## [Exercise]
Would you please repeat, word for word, only the lines from the one holding "比赛中,六组参赛同学围绕讲好" through the one holding "Rektor Unpatti Prof." in the material below, without the pictures?

## [Given entries]
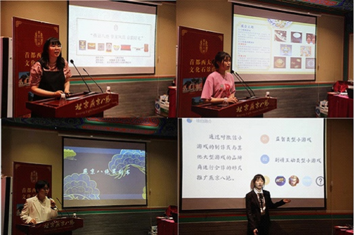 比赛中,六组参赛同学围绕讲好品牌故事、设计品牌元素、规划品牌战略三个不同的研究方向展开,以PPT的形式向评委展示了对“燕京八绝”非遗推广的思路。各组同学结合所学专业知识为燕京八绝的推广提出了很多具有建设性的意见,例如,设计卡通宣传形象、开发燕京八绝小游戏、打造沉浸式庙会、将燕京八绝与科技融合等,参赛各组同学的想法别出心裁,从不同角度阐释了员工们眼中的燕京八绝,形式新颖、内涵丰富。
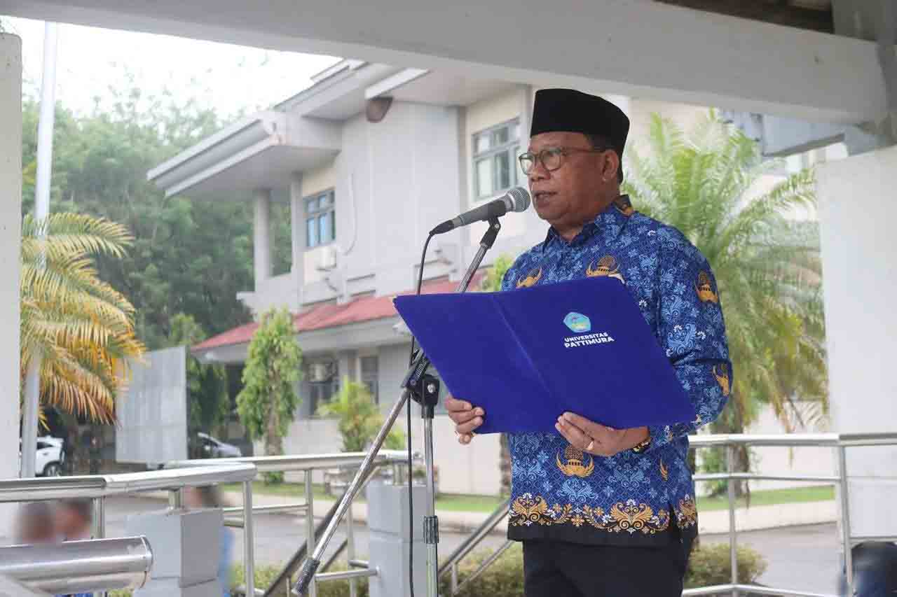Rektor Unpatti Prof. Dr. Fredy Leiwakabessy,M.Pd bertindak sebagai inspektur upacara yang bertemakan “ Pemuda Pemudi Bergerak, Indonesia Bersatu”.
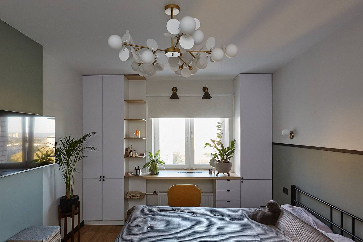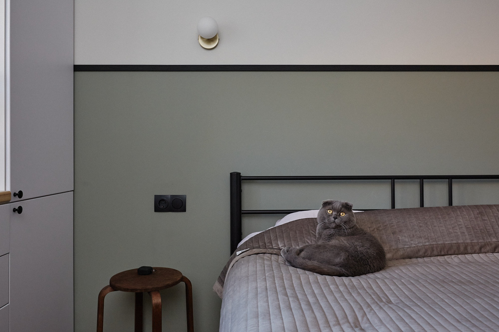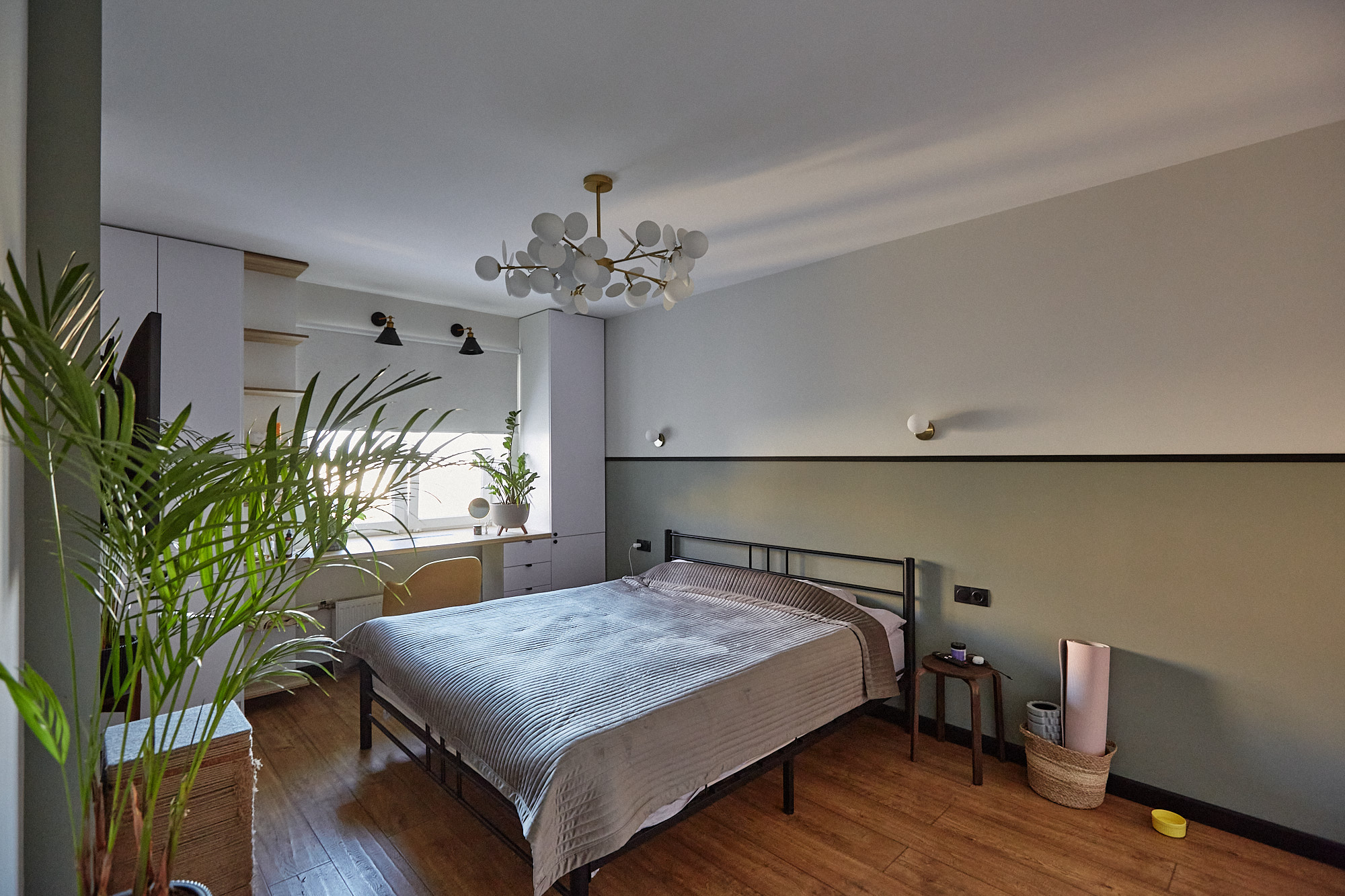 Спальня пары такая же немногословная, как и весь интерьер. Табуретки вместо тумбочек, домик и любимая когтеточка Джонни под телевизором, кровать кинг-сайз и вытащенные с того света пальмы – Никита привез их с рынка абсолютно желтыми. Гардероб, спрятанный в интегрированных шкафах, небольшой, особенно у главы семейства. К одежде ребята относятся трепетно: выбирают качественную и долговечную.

--

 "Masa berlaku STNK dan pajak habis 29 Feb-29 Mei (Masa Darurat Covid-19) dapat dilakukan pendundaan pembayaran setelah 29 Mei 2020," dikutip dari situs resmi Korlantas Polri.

---

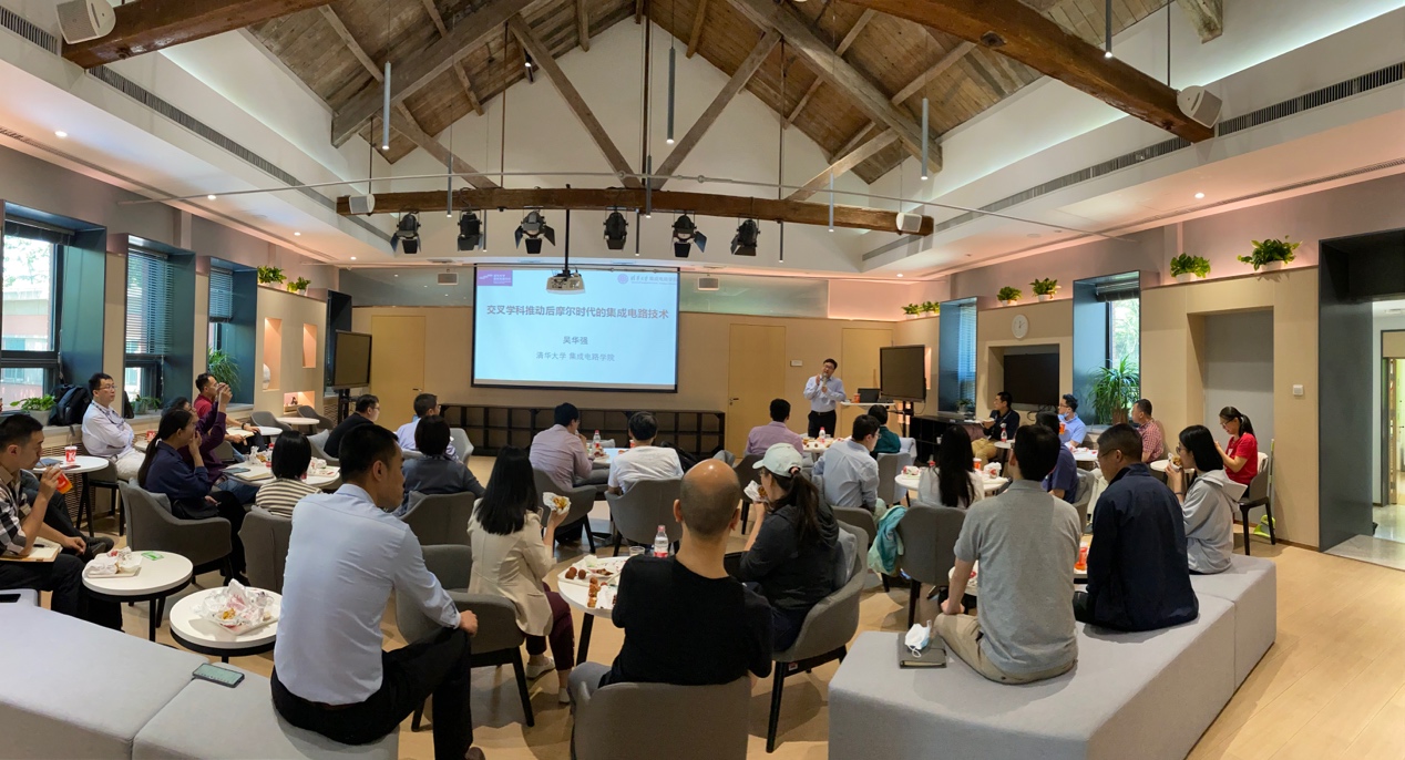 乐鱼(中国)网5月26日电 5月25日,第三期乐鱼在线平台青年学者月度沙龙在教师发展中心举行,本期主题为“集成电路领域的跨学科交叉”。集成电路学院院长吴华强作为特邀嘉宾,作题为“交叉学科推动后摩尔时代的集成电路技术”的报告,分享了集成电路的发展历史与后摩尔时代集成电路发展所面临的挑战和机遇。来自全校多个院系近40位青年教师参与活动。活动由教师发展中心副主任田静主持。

## [Exercise solution]
 比赛中,六组参赛同学围绕讲好品牌故事、设计品牌元素、规划品牌战略三个不同的研究方向展开,以PPT的形式向评委展示了对“燕京八绝”非遗推广的思路。各组同学结合所学专业知识为燕京八绝的推广提出了很多具有建设性的意见,例如,设计卡通宣传形象、开发燕京八绝小游戏、打造沉浸式庙会、将燕京八绝与科技融合等,参赛各组同学的想法别出心裁,从不同角度阐释了员工们眼中的燕京八绝,形式新颖、内涵丰富。
Rektor Unpatti Prof. Dr. Fredy Leiwakabessy,M.Pd bertindak sebagai inspektur upacara yang bertemakan “ Pemuda Pemudi Bergerak, Indonesia Bersatu”.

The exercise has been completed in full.